TASK GOAL: Restate the listing below line for line and word for word, without the pictures.

AVAILABLE DATA:
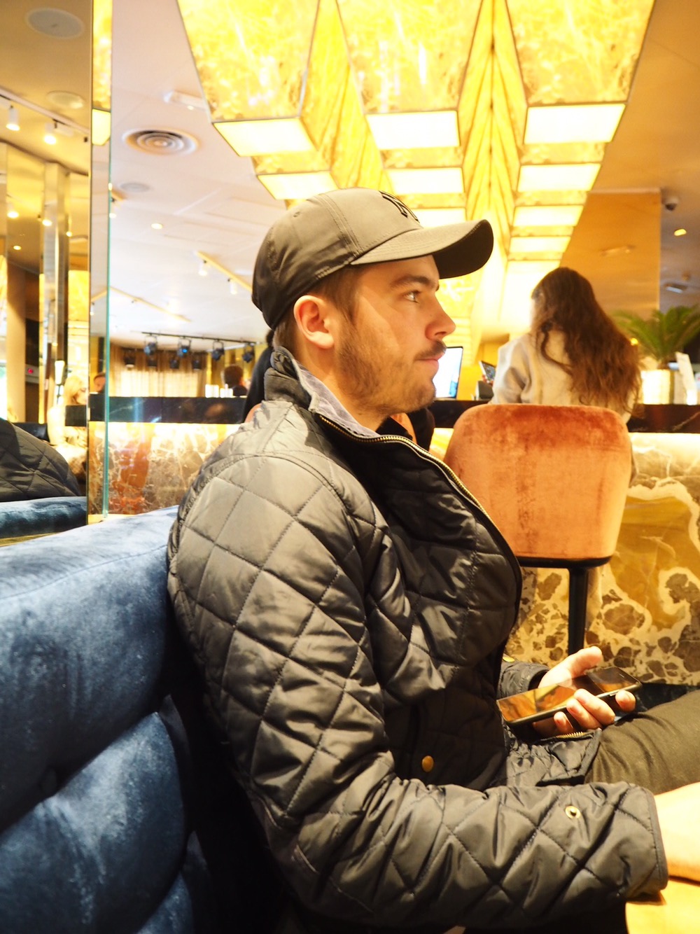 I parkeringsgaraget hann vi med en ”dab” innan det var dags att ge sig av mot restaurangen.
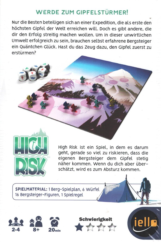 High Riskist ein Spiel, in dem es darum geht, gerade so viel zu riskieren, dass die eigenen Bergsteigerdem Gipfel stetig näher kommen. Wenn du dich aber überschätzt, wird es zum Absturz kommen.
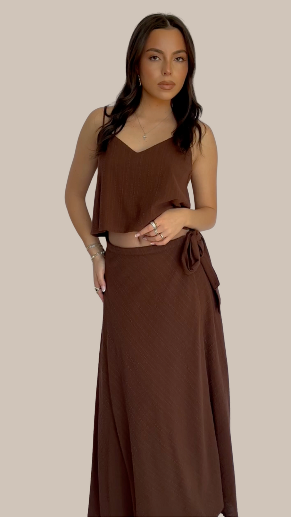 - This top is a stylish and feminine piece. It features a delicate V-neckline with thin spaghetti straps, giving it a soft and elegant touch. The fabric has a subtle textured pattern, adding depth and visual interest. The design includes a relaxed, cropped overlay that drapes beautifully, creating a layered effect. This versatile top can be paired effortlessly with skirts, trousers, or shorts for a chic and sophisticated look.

RESPONSE AREA:
 I parkeringsgaraget hann vi med en ”dab” innan det var dags att ge sig av mot restaurangen.
 High Riskist ein Spiel, in dem es darum geht, gerade so viel zu riskieren, dass die eigenen Bergsteigerdem Gipfel stetig näher kommen. Wenn du dich aber überschätzt, wird es zum Absturz kommen.
 - This top is a stylish and feminine piece. It features a delicate V-neckline with thin spaghetti straps, giving it a soft and elegant touch. The fabric has a subtle textured pattern, adding depth and visual interest. The design includes a relaxed, cropped overlay that drapes beautifully, creating a layered effect. This versatile top can be paired effortlessly with skirts, trousers, or shorts for a chic and sophisticated look.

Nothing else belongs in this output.